Welcome and thanks for viewing my Kernel!

**Context**

During the 2016 US presidential election, the phrase “fake news” found its way to the forefront in news articles, tweets, and fiery online debates the world over after misleading and untrue stories proliferated rapidly. BuzzFeed News analyzed over 1,000 stories from hyperpartisan political Facebook pages selected from the right, left, and mainstream media to determine the nature and popularity of false or misleading information they shared.

**Content**

This dataset supports the original story “Hyperpartisan Facebook Pages Are Publishing False And Misleading Information At An Alarming Rate” published October 20th, 2016. Here are more details on the methodology used for collecting and labeling the dataset (reproduced from the story):

**More on Our Methodology and Data Limitations**

“Each of our raters was given a rotating selection of pages from each category on different days. In some cases, we found that pages would repost the same link or video within 24 hours, which caused Facebook to assign it the same URL. When this occurred, we did not log or rate the repeat post and instead kept the original date and rating. Each rater was given the same guide for how to review posts:

* “Mostly True: The post and any related link or image are based on factual information and portray it accurately. This lets them interpret the event/info in their own way, so long as they do not misrepresent events, numbers, quotes, reactions, etc., or make information up. This rating does not allow for unsupported speculation or claims.

* “Mixture of True and False: Some elements of the information are factually accurate, but some elements or claims are not.

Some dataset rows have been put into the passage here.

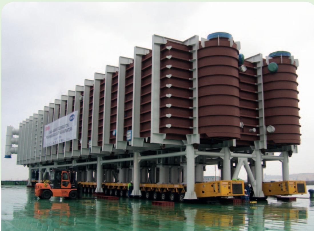
MED type evaporator of Marafiq IWPP in Saudi Arabia

Successful desalination requires a material that can resist the aggressive corrosion caused by seawater and brine. Utilising stainless steel to create fresh water further increases the sustainability profile of the desalination industry. The durability and minimal maintenance requirements of stainless make it a good choice economically. The high-level of recycled content and 100% recyclability at the end of its life are the cornerstones of stainless steel's environmental profile. High performance stainless steels, including duplex grades, are the perfect choice for desalination.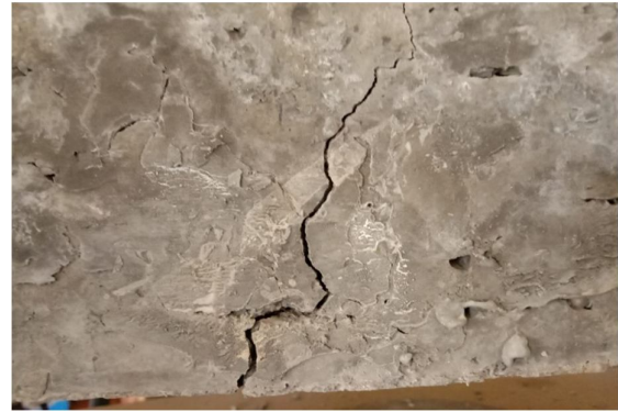
Fig. failure of beam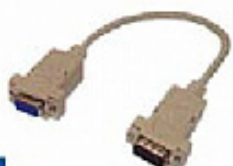
KR1004 HD 15p to 15p Assembly Cable (M/M or M/F or F/F)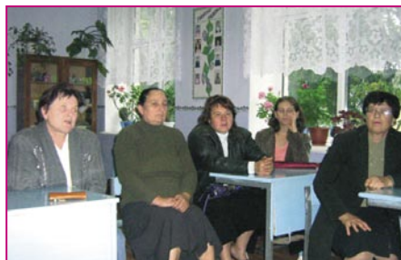
Evaluation visit in Chetrosu village, Drochia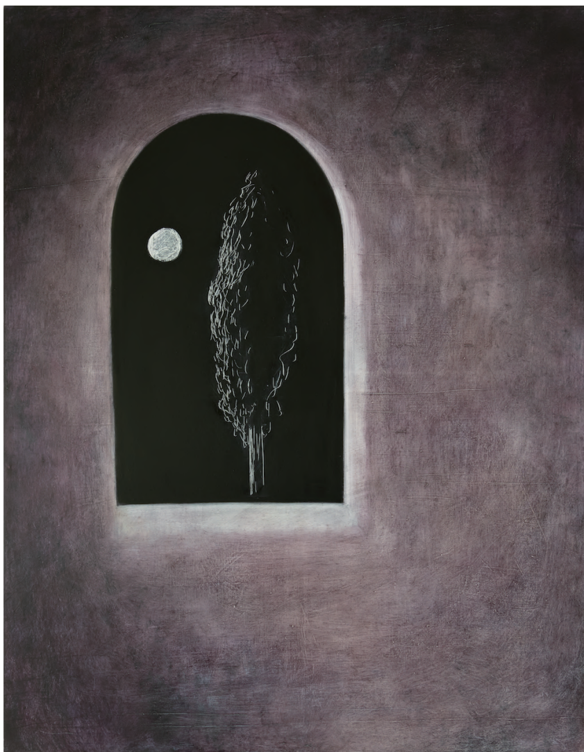
Moonlight 2021 oil on canvas, 116.7 × 91 cm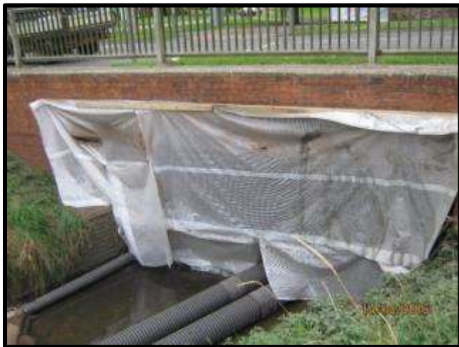
Temporary screening during the underside works.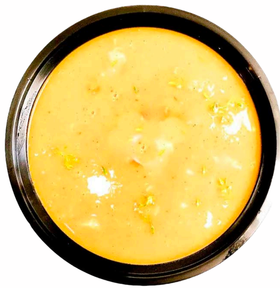
Kettle Cuisine Apple Butternut Squash Soup 32 oz

Today, they continue to craft soups that comfort and nourish, from classics to globally inspired flavors. Every bowl tastes like it was made from scratch in your own kitchen.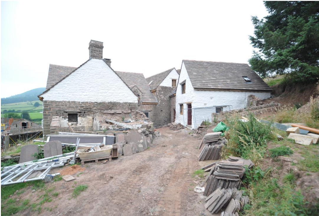
Pl.65: Rear of farmhouse in 2017, with Apple Store (Building C) to right.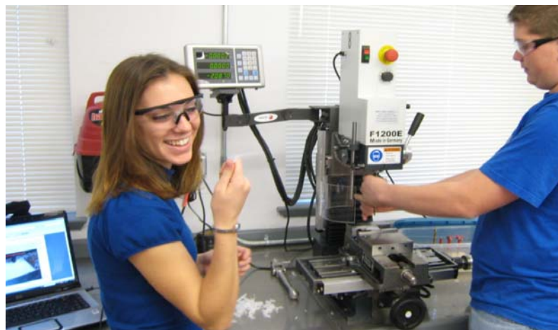
Figure 3. Students using a milling / drilling machine to fabricate a centrifugal pump.

Figure 2 shows the spacing of the milling / drilling machines. A single workstation with one of these machines is shown in Figure 3, along with a student who is working to fabricate the centrifugal pump, which is the project that drives the course content for ENGR 120.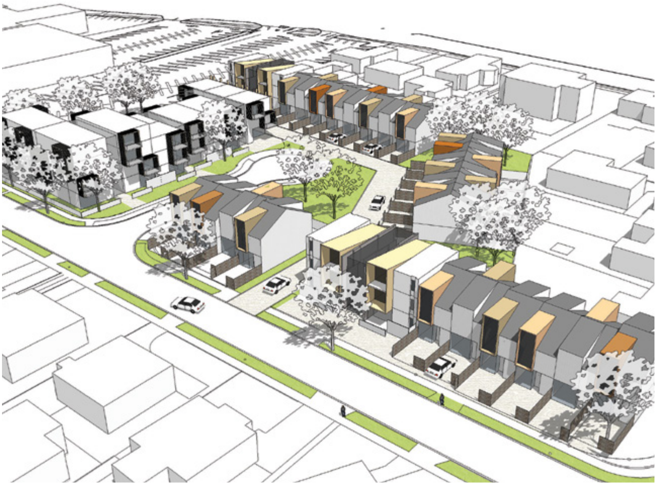
The Gate Pā "Pukehinahina Project"

Accessible Properties is hoping to replace 140 former state homes in Tauranga with more than 400 new townhouses and apartments.

This rating should be used when speculation or unfounded claims are mixed with real events, numbers, quotes, etc., or when the headline of the link being shared makes a false claim but the text of the story is largely accurate. It should also only be used when the unsupported or false information is roughly equal to the accurate information in the post or link. Finally, use this rating for news articles that are based on unconfirmed information.

* “Mostly False: Most or all of the information in the post or in the link being shared is inaccurate. This should also be used when the central claim being made is false.

* “No Factual Content: This rating is used for posts that are pure opinion, comics, satire, or any other posts that do not make a factual claim. This is also the category to use for posts that are of the “Like this if you think...” variety.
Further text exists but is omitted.